> [WHAT YOU HAVE TO DO]:
Please give back, exactly as written, the lines from the line with "Oscar de la" to the line with "5. Mint Julep" in the listing below, leaving out all pictures.

> [MATERIAL FOR THIS EXERCISE]:
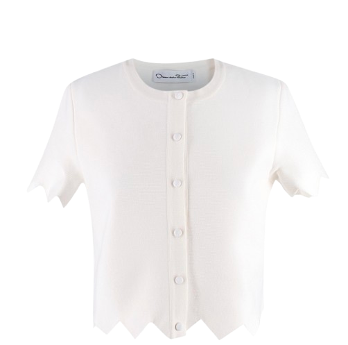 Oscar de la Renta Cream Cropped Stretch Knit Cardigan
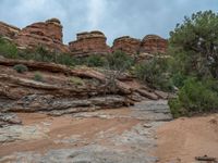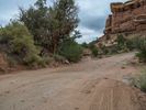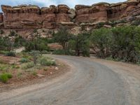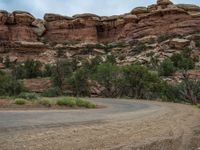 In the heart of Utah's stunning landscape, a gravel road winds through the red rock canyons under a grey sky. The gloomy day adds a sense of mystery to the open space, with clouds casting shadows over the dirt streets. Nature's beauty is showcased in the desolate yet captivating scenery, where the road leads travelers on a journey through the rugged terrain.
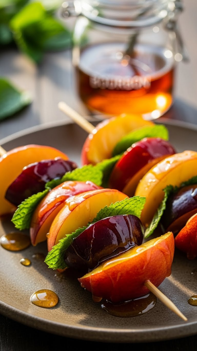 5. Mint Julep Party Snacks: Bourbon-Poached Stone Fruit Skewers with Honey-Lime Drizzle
==
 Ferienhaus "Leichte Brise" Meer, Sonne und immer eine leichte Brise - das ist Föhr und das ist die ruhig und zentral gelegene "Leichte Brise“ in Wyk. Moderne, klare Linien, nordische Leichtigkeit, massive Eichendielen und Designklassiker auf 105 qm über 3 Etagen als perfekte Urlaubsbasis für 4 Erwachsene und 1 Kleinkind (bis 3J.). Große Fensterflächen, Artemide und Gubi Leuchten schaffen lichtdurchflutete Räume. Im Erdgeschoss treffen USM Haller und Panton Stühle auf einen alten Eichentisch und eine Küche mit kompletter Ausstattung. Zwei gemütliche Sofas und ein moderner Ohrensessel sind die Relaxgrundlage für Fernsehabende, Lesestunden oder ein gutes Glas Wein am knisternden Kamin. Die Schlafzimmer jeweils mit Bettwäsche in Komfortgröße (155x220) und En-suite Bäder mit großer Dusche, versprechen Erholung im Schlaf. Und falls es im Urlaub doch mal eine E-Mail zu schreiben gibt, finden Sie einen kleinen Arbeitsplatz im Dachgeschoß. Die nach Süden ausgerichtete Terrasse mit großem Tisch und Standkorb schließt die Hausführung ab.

> [RESULT OF THE TASK]:
 Oscar de la Renta Cream Cropped Stretch Knit Cardigan
 In the heart of Utah's stunning landscape, a gravel road winds through the red rock canyons under a grey sky. The gloomy day adds a sense of mystery to the open space, with clouds casting shadows over the dirt streets. Nature's beauty is showcased in the desolate yet captivating scenery, where the road leads travelers on a journey through the rugged terrain.
 5. Mint Julep Party Snacks: Bourbon-Poached Stone Fruit Skewers with Honey-Lime Drizzle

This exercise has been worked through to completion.